誰もが自分らしく生きられる社会であってほしい。
これは何一つ迷いがない。
しかし、スポーツは少し話が違う。
スポーツは勝敗を競う世界だ。
ルールがある。
記録がある。
順位がある。
そのルールの土台にあるのが「公平性」だ。
では、なぜスポーツには男子の部と女子の部があるのだろう。
差別をするためだろうか。
私はそうは思わない。
身体的な違いによって、一方だけが圧倒的に有利にならないようにするためだ。
思春期以降、男性ホルモンの影響で筋肉量や骨格、心肺機能などに違いが生まれることは、多くの競技で前提とされている。
もちろん個人差はある。
女性より力の弱い男性もいる。
男性より速い女性もいる。
だからといってカテゴリーが必要なくなるわけではない。
競技は、一人ひとりではなく、全体として公平になるようにルールを作っているからだ。
私は元女、今は戸籍上男性として生活している。
だからこそ、自分自身を例に考えてみる。
もし私が市民マラソンに男性として出場したらどうだろう。
もちろん走る。
楽しむ。
完走も目指す。
でも、「男性の部で優勝できますか」と聞かれたら、私は笑ってしまう。
無理だと思う。
努力が足りないからではない。
練習不足だからでもない。
私自身、自分の身体がどういう特徴を持っているのかを知っているからだ。
一方で、もし逆の立場だったらどうだろう。
生まれつき男性だった人が、女性ホルモン療法を受け、女性として生活し、女子カテゴリーで競技をする。
ホルモン療法によって身体は変わる。
筋力も落ちるだろう。
変化はある。
しかし、それだけですべてが生まれつき女性と同じになるかと言われれば、そこは簡単には答えられない。
身長。
骨格。
手足の長さ。
思春期までに形成された身体の特徴。
こうしたものは、現在の医療でも完全に同じにはならない部分がある。
これは価値の話ではない。
優劣の話でもない。
ただ、身体には変えられるものと、変えられないものがあるという現実の話だ。
わかりやすい例を挙げるなら、生殖器だ。
胸であれば、ホルモン療法や豊胸手術によって女性らしい外見に近づけることはできる。
しかし、生殖器は現在の医療でも、生まれ持ったものと同じ機能や構造を完全に再現することは難しい。

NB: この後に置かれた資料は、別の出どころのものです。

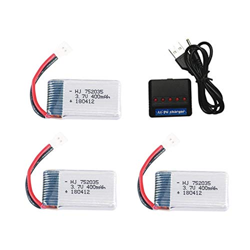 Grehod Batteria lipo 3.7V 400mAh 752035 + Caricabatterie 3.7v per H31 X4 H107 H6C KY101 E33C E33 U816A V252 RC Drone Pezzi di Ricambio Black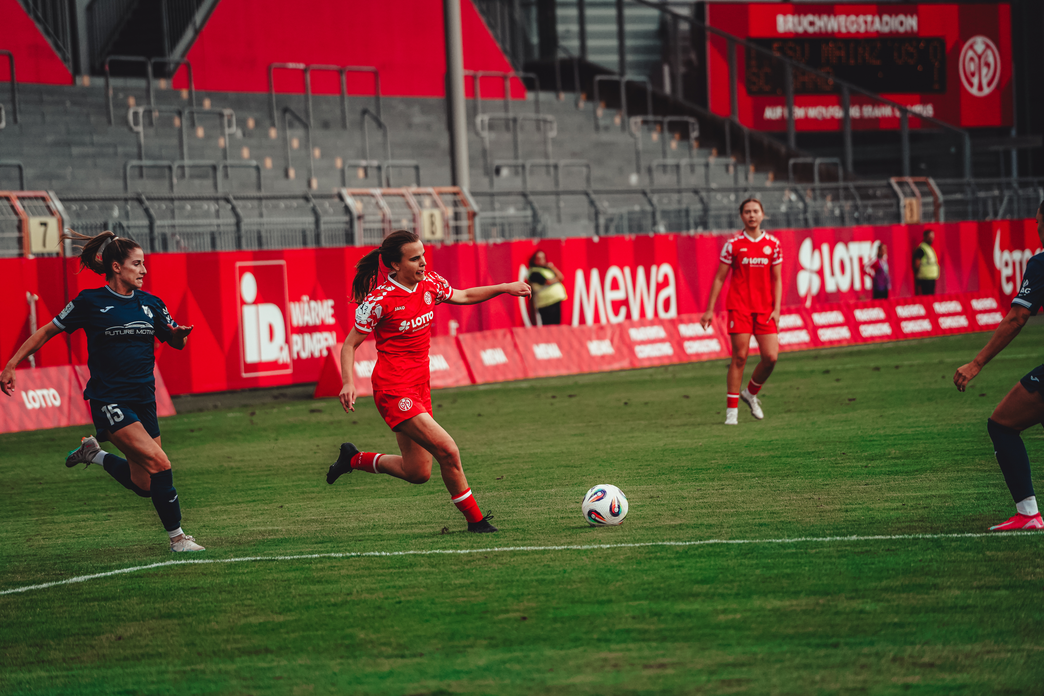 Ein wesentlicher Faktor sei zudem das Bruchwegstadion, in welchem die Mainzerinnen seit Beginn der Saison 2025/26 alle Heimspiele austragen. Die Atmosphäre sei für das Team deutlich zu spüren: "Es ist immer wieder ein besonderes Erlebnis, dort zu spielen. Man bekommt jedes Mal ein bisschen Gänsehaut und die Stimmung pusht uns auf dem Platz enorm", berichtet Bathmann von Spielen im früheren Stadion der 05-Profis. Die Vorfreude, genau dort am Sonntag nach längerer Zeit wieder auflaufen zu können, sei schon jetzt riesig: "Pflichtspiele machen das Leben als Fußballspielerin aus - dafür haben wir in der Vorbereitung hart gearbeitet. Jetzt wollen wir zeigen, dass wir uns nochmal verbessert haben."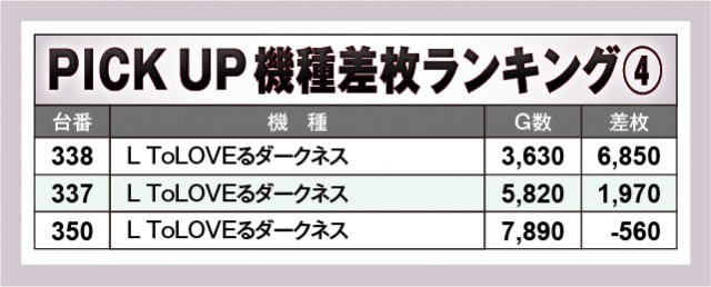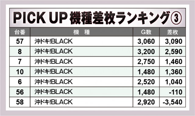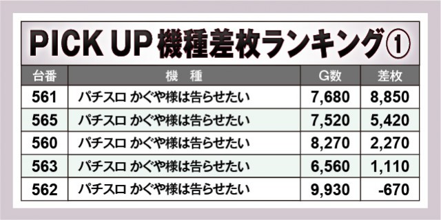 『パチスロ かぐや様は告らせたい』は全台が終日を通して打ち込まれており、惜しくも全台プラス差枚数という大記録を逃している。しかしその熱量は十分で、8,000枚OVERとインパクトを残すことに成功。『沖ドキ!BLACK』『L ToLOVEるダークネス』も同様にポテンシャルを解き放ち、大量設置された『マイジャグラーⅤ』もコンスタントに大当りを射止めるなど、優秀機種の賑わいが目立った内容となっている。
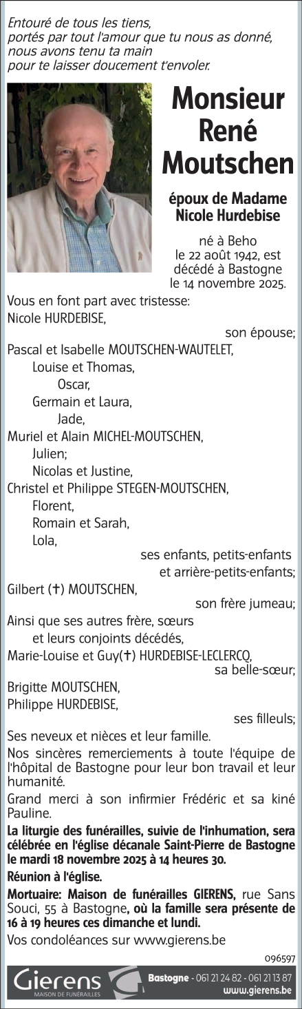 Décédé à Bastogne (6600) le vendredi 14 novembre 2025 à l'âge de 83 ans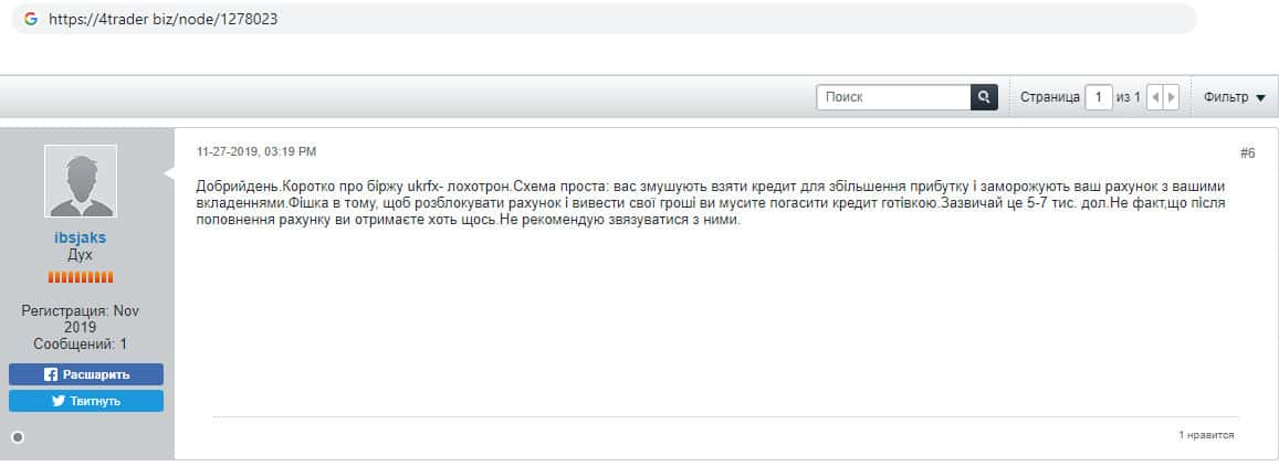 - Пользователь распространяет информацию о мошенниках UkrFX Pro на фейсбуке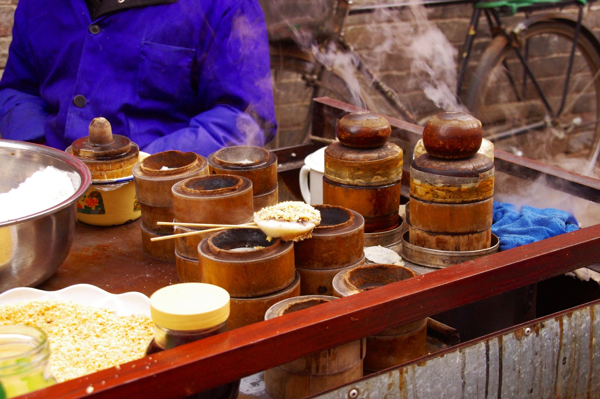 Xian: Bei Temperaturen um den Gefrierpunkt kommen die Reis-Steamer besonders gut zu Geltung. Mit reichlich Honig, Zucker, Rosenwasser und Sesamöl ein köstliches Hüftgold.

私は当事者だから、その現実を否定することはできない。
男性と同じチンコを手に入れることはできない。
だからこそ思う。
身体的な特徴が競技結果に大きく影響するスポーツでは、その身体的特徴を議論すること自体が差別だとは思わない。
最近は「多様性」という言葉を耳にする機会が増えた。
もちろん、多様性は大切だ。
私自身、その恩恵を受けながら生きている一人でもある。
しかし、多様性とは「すべてを同じにすること」ではないと思っている。
違いを認めながら、それぞれに合ったルールを考えること。
それもまた、多様性ではないだろうか。
私は「何でも認めること」が優しさだとは思わない。
逆に、「何でも認めないこと」が正しいとも思わない。
その間にある、一番バランスの取れた場所を探し続けることが大切なのだと思う。
市民大会と国際大会も、私は分けて考えたい。
市民マラソンには、健康のために走る人もいる。
親子で楽しむ人もいる。
仮装をして沿道を盛り上げる人もいる。
そこでは「参加すること」に大きな意味がある。
多様な参加の形があっていい。
一方で、世界大会やオリンピックは違う。
人生を懸けて努力してきた選手たちが立つ舞台だ。
コンマ一秒。
一センチ。
その差のために、何年もの努力が積み重ねられている。
だからこそ、その舞台では誰もが納得できる公平性が必要になる。
競技によっても違うだろう。
身体能力の影響が大きい競技もあれば、小さい競技もある。
だから一律に考えるのではなく、競技ごとに科学的な知見を踏まえて議論していくことが現実的なのではないかと思う。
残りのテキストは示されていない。